In the waiting room there were 38 wooden benches and around this room, there were several stalls offering the sale of clothing, bags, food, books, Instant Lottery tickets, and other things. They also changed the floor from a granite floor to a very light brown glass floor. The pilasters that were previously covered in mosaics were covered in cement, giving the station a rustic view. The renovated station was inaugurated in 1960 by President Adolfo López Mateos.

Trains left from the station to different destinations in the country. The most important routes were the Ferrocarril del Pacífico to Nogales, and the Tapatío to Buenavista station in Mexico City. This last service departed at 8:00 am from Mexico City and arrived in Guadalajara at 8:00 pm.

=== Present ===
In August 1997, the creation of the Tequila Express was proposed. It consists of tourist rail tours that depart from Guadalajara and go to the town of Tequila, in order to promote the agave landscape and the haciendas where tequila, a characteristic drink of Jalisco, is produced.

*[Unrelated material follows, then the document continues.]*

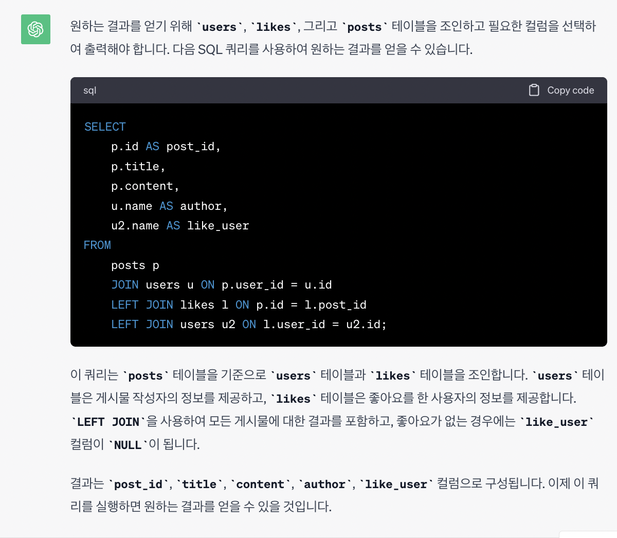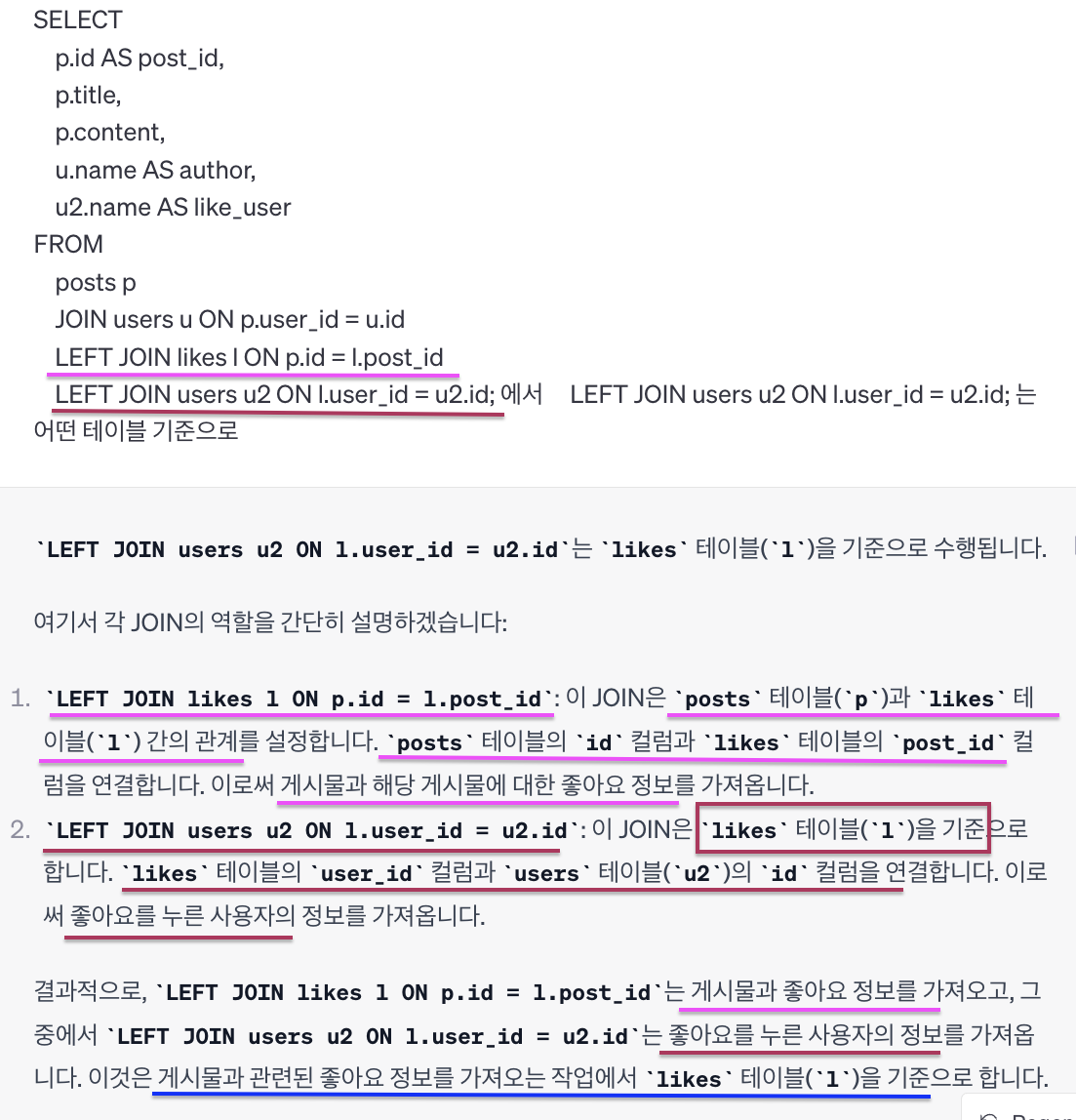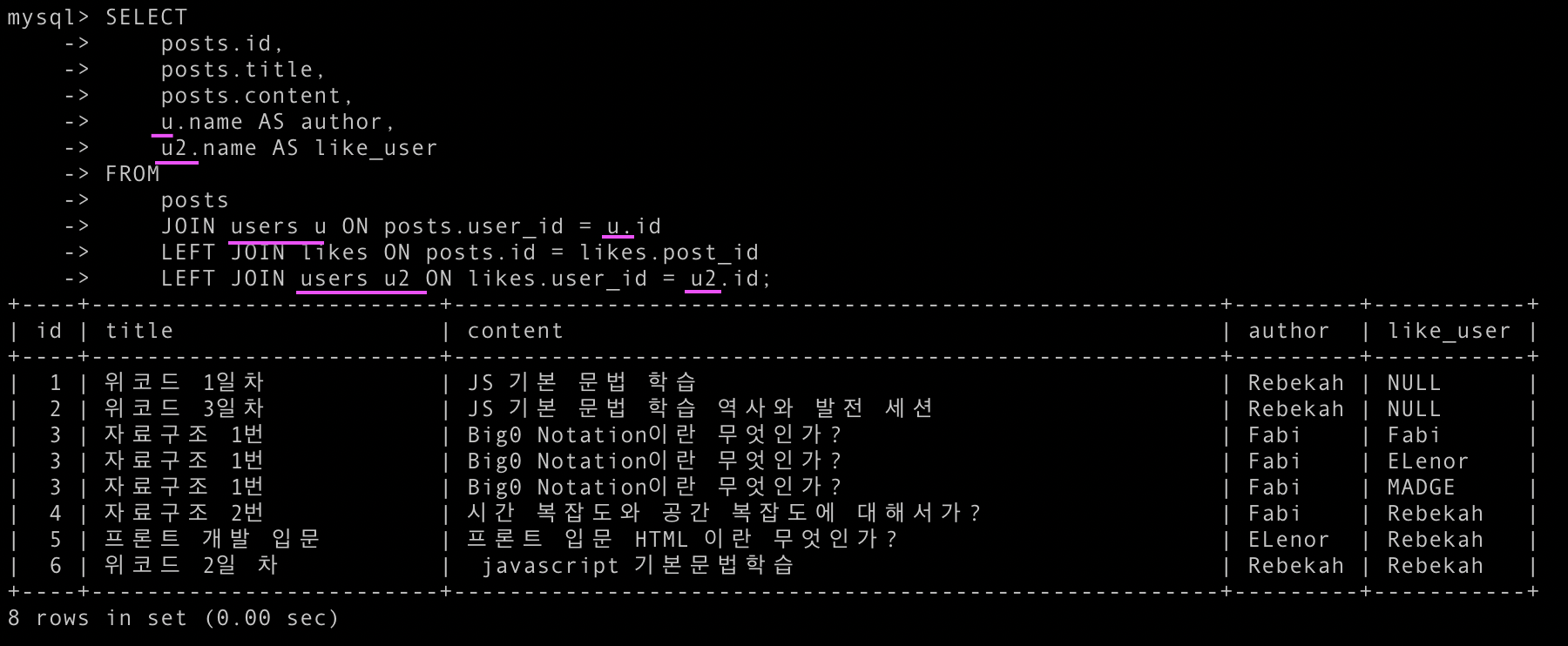 likes의 user_id를 기준으로 join 했는데, 그거를 like_user 칼럼으로 표시해서,
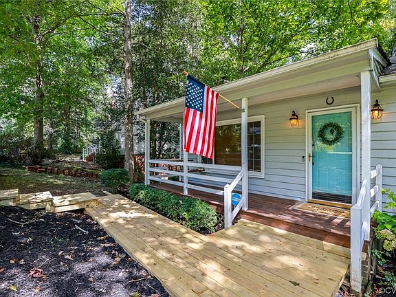 Nestled in the heart of Chesterfield, this charming 3 bedroom, 2 bath ranch style home has been updated with all the features you've been looking for. The open concept living and dining area is warm and inviting featuring beautiful hardwood flooring, a cozy brick fireplace, and access to the kitchen. The kitchen is equipped with butcher block countertops and ample pantry space. The primary bedroom is spacious and has an en-suite bath filled with updated finishes. Two additional guest bedrooms with generous closet space and a charming hallway bathroom round out the interior of this home. The large rear deck is the perfect place to relax and enjoy the privacy of your own wooded lot. A full front porch, newly painted exterior, and 2 car gravel driveway complete the outside of this move-in ready home. Conveniently located just minutes to 288 and Courthouse Rd, this home makes any commute a breeze.

Thus, the chamber of commerce and different businessmen joined together to make the project a reality, which was completed during the administration of Alberto Cárdenas Jiménez as governor of the state.

After the success of this train, Tequila Herradura and Ferromex would create the Tequila Herradura Express, a tourist train from Guadalajara to Amatitán, Jalisco. This line began operations on April 29, 2017.

== Connections ==
The station is connected to Line 1 of the Sistema de Tren Eléctrico Urbano at Washington station, and to the Mi Macro Calzada bus rapid transit line at Agua Azul station. The latter is only a few meters away from the railway station.